■ BRIEF
What you give back from the listing below should be an exact copy of the lines from the one with "2010 ஆம் ஆண்டு" down to the one with "Product Name Rocker", and it should contain no pictures.
---- AVAILABLE DATA
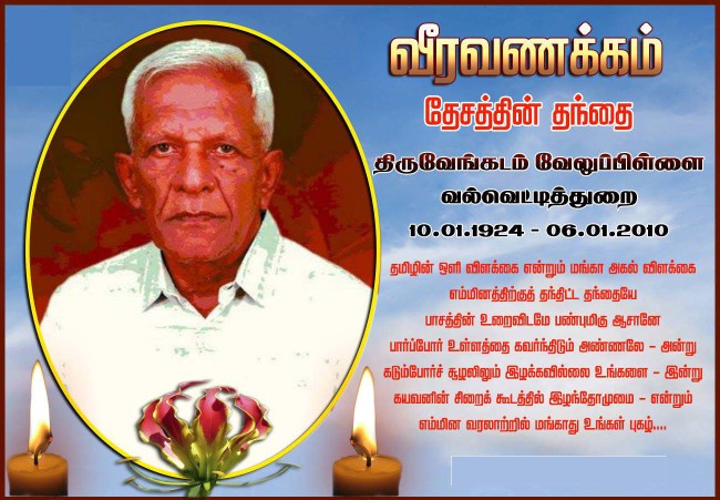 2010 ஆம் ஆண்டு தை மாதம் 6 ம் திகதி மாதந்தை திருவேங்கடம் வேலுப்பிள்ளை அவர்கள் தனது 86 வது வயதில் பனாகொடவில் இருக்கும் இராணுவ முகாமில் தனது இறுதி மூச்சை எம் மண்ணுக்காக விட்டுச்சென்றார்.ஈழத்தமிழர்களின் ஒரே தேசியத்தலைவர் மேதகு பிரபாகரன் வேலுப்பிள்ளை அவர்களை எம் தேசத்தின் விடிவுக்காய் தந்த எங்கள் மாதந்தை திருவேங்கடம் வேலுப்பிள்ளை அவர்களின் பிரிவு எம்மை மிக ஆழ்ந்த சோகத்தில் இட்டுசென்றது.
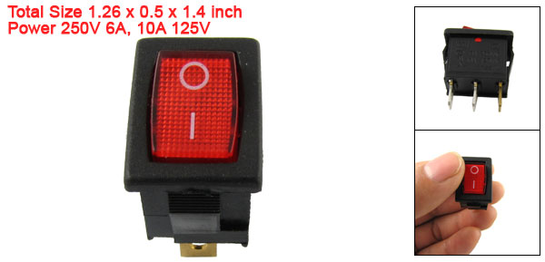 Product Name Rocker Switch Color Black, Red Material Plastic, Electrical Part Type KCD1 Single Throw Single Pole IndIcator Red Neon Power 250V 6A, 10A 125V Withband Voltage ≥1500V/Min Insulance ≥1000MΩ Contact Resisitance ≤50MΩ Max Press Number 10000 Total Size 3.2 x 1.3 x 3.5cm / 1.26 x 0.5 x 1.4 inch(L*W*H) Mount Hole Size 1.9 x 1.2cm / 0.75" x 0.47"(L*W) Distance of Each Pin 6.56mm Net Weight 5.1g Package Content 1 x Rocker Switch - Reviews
--------
---- AVAILABLE DATA
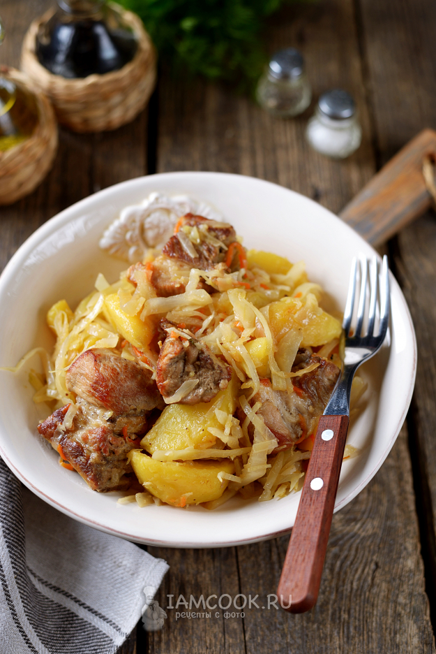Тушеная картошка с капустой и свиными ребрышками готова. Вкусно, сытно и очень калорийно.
--------
■ RESULT
 2010 ஆம் ஆண்டு தை மாதம் 6 ம் திகதி மாதந்தை திருவேங்கடம் வேலுப்பிள்ளை அவர்கள் தனது 86 வது வயதில் பனாகொடவில் இருக்கும் இராணுவ முகாமில் தனது இறுதி மூச்சை எம் மண்ணுக்காக விட்டுச்சென்றார்.ஈழத்தமிழர்களின் ஒரே தேசியத்தலைவர் மேதகு பிரபாகரன் வேலுப்பிள்ளை அவர்களை எம் தேசத்தின் விடிவுக்காய் தந்த எங்கள் மாதந்தை திருவேங்கடம் வேலுப்பிள்ளை அவர்களின் பிரிவு எம்மை மிக ஆழ்ந்த சோகத்தில் இட்டுசென்றது.
 Product Name Rocker Switch Color Black, Red Material Plastic, Electrical Part Type KCD1 Single Throw Single Pole IndIcator Red Neon Power 250V 6A, 10A 125V Withband Voltage ≥1500V/Min Insulance ≥1000MΩ Contact Resisitance ≤50MΩ Max Press Number 10000 Total Size 3.2 x 1.3 x 3.5cm / 1.26 x 0.5 x 1.4 inch(L*W*H) Mount Hole Size 1.9 x 1.2cm / 0.75" x 0.47"(L*W) Distance of Each Pin 6.56mm Net Weight 5.1g Package Content 1 x Rocker Switch - Reviews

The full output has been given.